AVIF0021 – Human Factors

Learning Objectives

At the end of this lesson, you should be able to correctly:

  • Identify what Non-Technical Skills can improve performance?
  • Define Human Factors and describe how significant this is to high-risk industries?
  • What lifestyle factors affect Human Factors

Aviation History at a Glance

What is Airmanship?

Traditionally…

What is Aviate, Navigate, Communicate?

It’s a priority tool, it helps us prioritise.

It’s a great start but let’s understand more of what we need for maintaining safety.

Aviation Safety

Since the 50s accident rates have been reducing and are asymptotic, that is they have reduced close to zero per million departures but they are not zero.

The graph above shows that we have a relatively safe industry. The curve is not at zero however, as accidents still occur.

https://data.worldbank.org/indicator/IS.AIR.DPRT?end=2019&start=1970
https://www.boeing.com/resources/boeingdotcom/company/about_bca/pdf/statsum.pdf

Why were there so many accidents? This was the beginning of the jet era. Engineering design and maintenance practices were having large learning experiences. Improved regulation and systemic practices helped drive this accident rate down.

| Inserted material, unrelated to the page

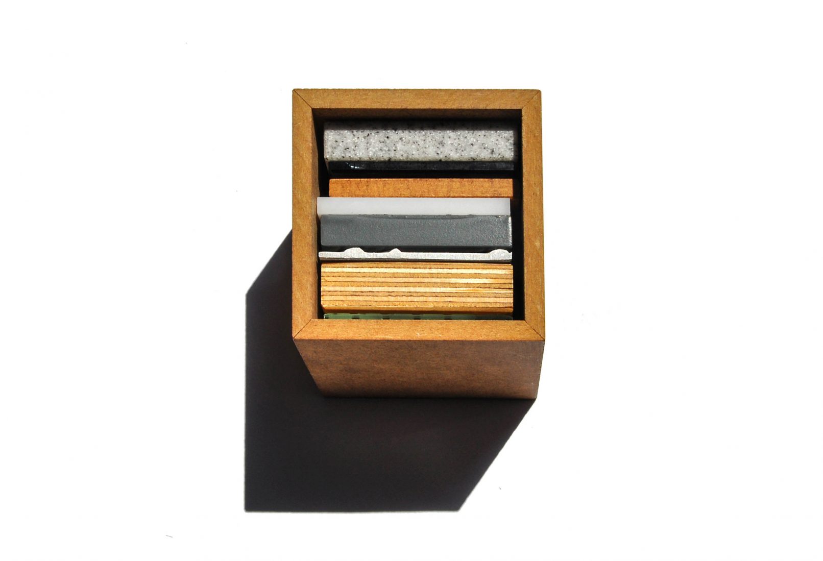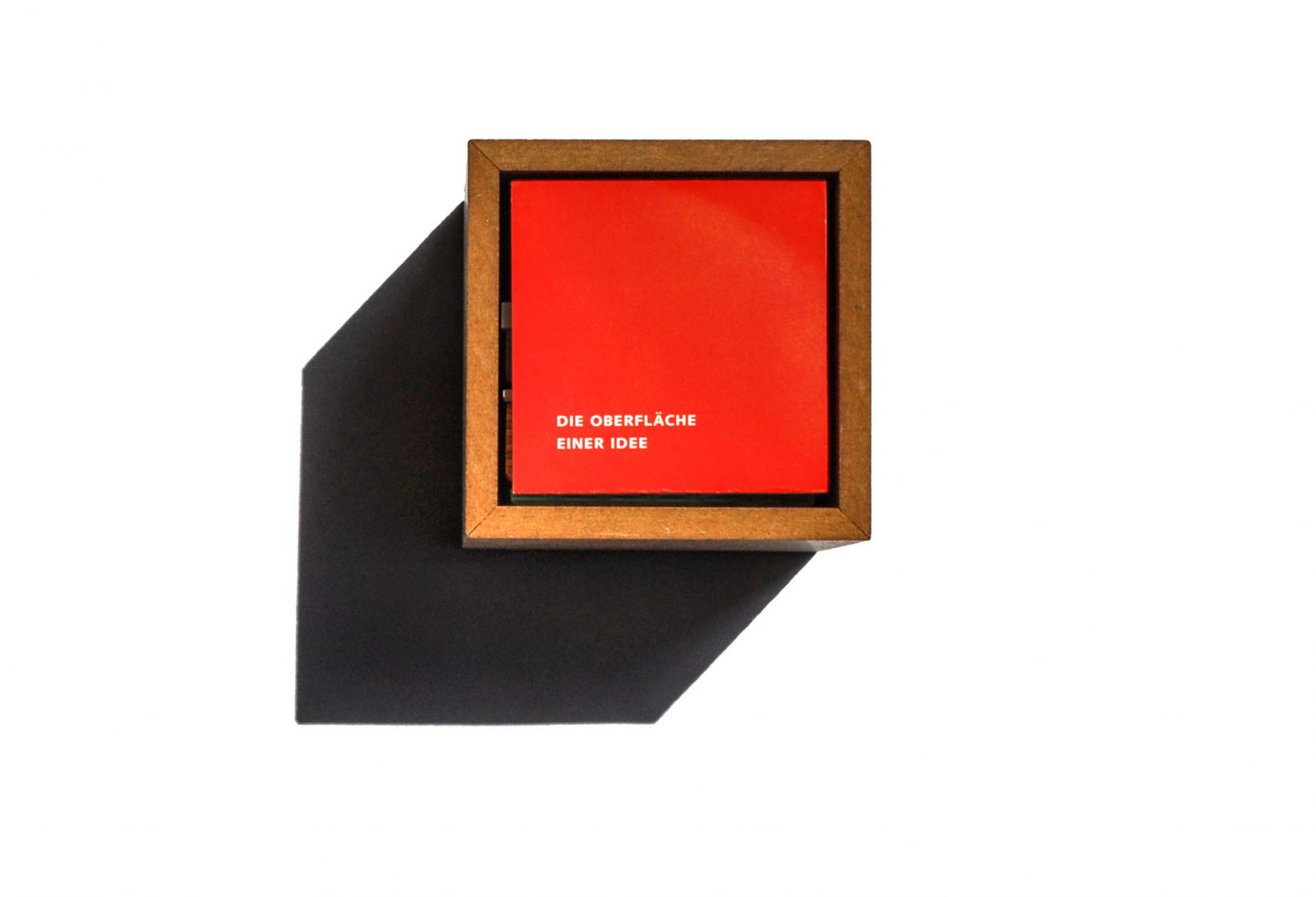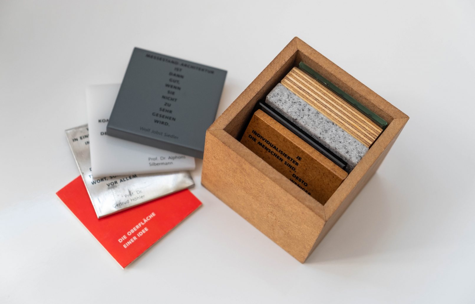 Dazu wurden die entsprechenden Materialproben in quadratische Plättchen geschnitten, mit Zitaten bedruckt, gestapelt und zu einem Würfel aufgeschichtet.
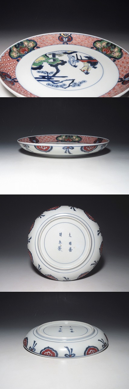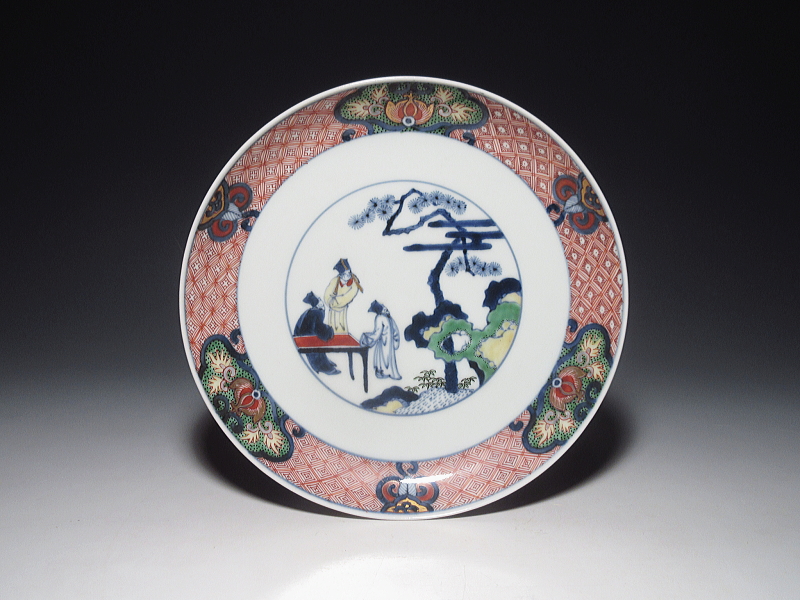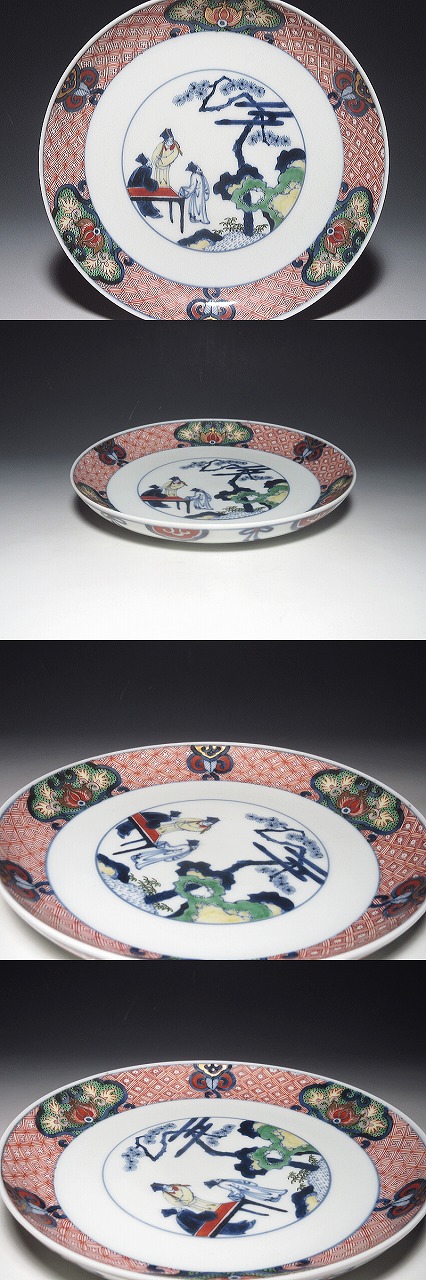献上手にも準じる、最高ランクの染錦作品です。この意匠は、丸鉢では見かけますが、平皿は、ほとんど、見た記憶がありません。3種の地模様も、七宝文、四方襷文、雷文と細密に描き分けてあります。裏絵も、実によく工夫されています。至高の色絵技巧をご堪能頂ける一枚です。

Accidents in RPAS Operations

Do you think pilots are getting worse or do you think that these issues were always there? Like the tide going out and exposing the rocks at low tide?

Now with vast improvements to aircraft and technology, we are just seeing the human causes that were always there!

We are going to be taking a closer look at the human element of this graph as this can be directly influenced through training.


Pilot Skills

Assessing a Pilot’s Skills

Traditionally, we focus on training and assessing technical skills.

Non-Technical Skills (NTS) is a relatively new concept of increasing emphasis as a result of regulatory reform. This was added by CASA around 2010 to the required training matrix.

Statistically, most accidents are blamed on NTS deficiencies, where the crew are the cause of the event. However, most of our training and assessment focus has been on the technical skills side of the training.

Hierarchy of Skills

Consider the following skills that a pilot needs:

  • Which of these then is more important than the other? (non-compensatory skills)
  • Do some of these feed into others?
  • Are some of these causal for others?
  • Can a deficiency in one area be made up for by a strength in another?
Model for Assessing a Pilots Performance (MAPP)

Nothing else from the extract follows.